Is that a Kuro Elite? I remember when I first laid my eyes on it. Couldn't believe the black levels.
 
You're trying to argue over principle when you have yet to prove that the burn in on your plasmas is actually permanent simply because it hasn't yet gone away. Until you can bring a better or new argument to the table, please stfu with this one.

It's possible he has real burn-in. If you abuse the shit out of your plasma and never take it out of torch mode (properly calibrate your TV!!) you can certainly burn it in. Especially when the TV is fairly new. I find most of the people with permanent burn in now either A) treated it badly out of the box (like 90% 4:3 viewing in torch mode) or B) run the same content for hours and hours at a time without watching it.

I've played hours of Gears 1/3 or fighting games without anything more than some temporary IR (that you can only see if you walk up to the TV and squint at it).

Honestly, if you're one of those people that leaves a TV on for 12+ hours at a time every day for background noise on a weather or news channel, you shouldn't have a plasma. If nothing else, the amount of electricity dollars you are burning boggles my mind :eek: Turn off the TV already and turn on the radio or something!

And yes, you can burn in an LCD. Just ask anyone that has worked at a datacenter. It's much more difficult than a CRT or a plasma, but yeah, you can do it.
 
Permanent means forever.
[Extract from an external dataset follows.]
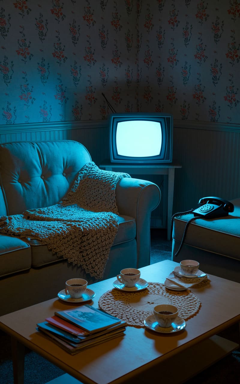 Bathed in an eerie, cyan glow, a vintage television flickers blankly in a room where floral wallpaper peels and a crocheted throw droops lifelessly over a plush sofa. A neatly arranged coffee service, with cups untouched, sits on a low table, a silent testament to an unseen gathering, while a rotary phone rests expectantly nearby, its coiled cord a dark, snaking line in the unsettling stillness. The scene hums with a quiet, unsettling nostalgia, a frozen moment in a dream where time feels both distant and immediate.

Just because you haven't managed to fix it yet doesn't mean that the persistence on yours is "permanent". You said yourself that weather and news channels were displayed on the monitor for about 18 hours a day. You ask for burn in, you'll get it. Just because your usage pattern is far outside the norm doesn't mean that anyone that buys a plasma will suffer from the same problems.
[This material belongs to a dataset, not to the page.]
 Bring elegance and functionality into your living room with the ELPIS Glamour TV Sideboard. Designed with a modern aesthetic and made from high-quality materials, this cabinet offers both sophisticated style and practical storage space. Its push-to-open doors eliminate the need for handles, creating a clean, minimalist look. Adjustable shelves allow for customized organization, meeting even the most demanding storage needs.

You're trying to argue over principle when you have yet to prove that the burn in on your plasmas is actually permanent simply because it hasn't yet gone away. Until you can bring a better or new argument to the table, please stfu with this one.
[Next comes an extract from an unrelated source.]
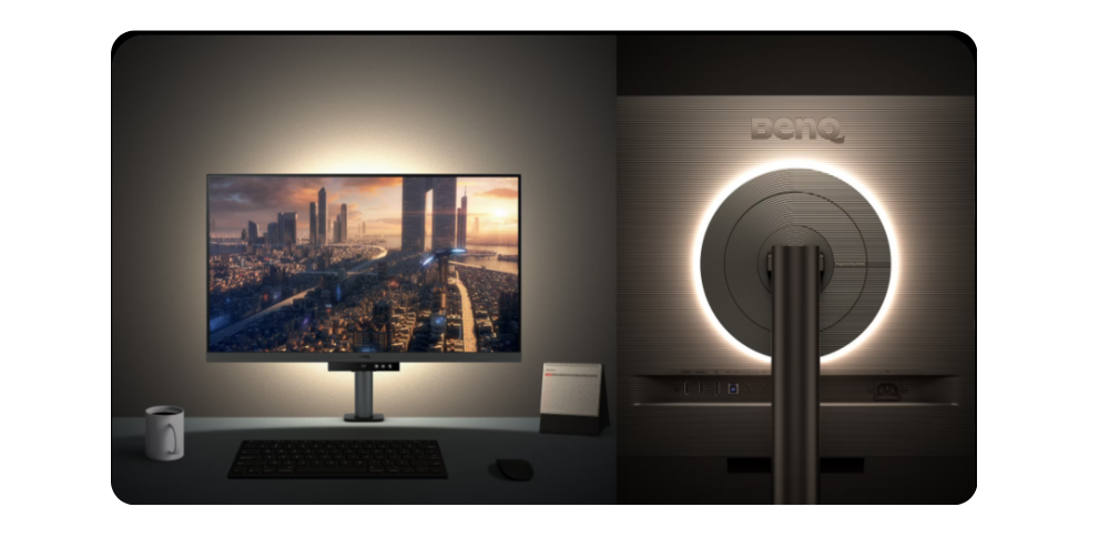 BenQ tích hợp đèn nền MoonHalo – hệ thống ánh sáng mô phỏng không gian làm việc tự nhiên, ấm áp và dịu mắt.

Samsung said it was permanent and wanted a lot of money to replace the screen. There is no fixing it without replacing it. Sorry that you are wrong and hate to admit it.

Sorry, just more of a reason to not get a Plasma because of this issue preventing people from watching their tv's the same way we watched our Tube TV's. Again, the TV isn't on that channel for 18 hours a day. It is on there for maybe 2-3 at different times, and then it's watching other shows.

No need to start attaching me or cussing. Against forum rules.
 
The day we got it home, we did the calibration, and lowered the brightness and all the settings down to prevent Burn in. we actually LEFT them there for 2 years and it still burned in. So we said forget it and turned the up after that as it didn't help.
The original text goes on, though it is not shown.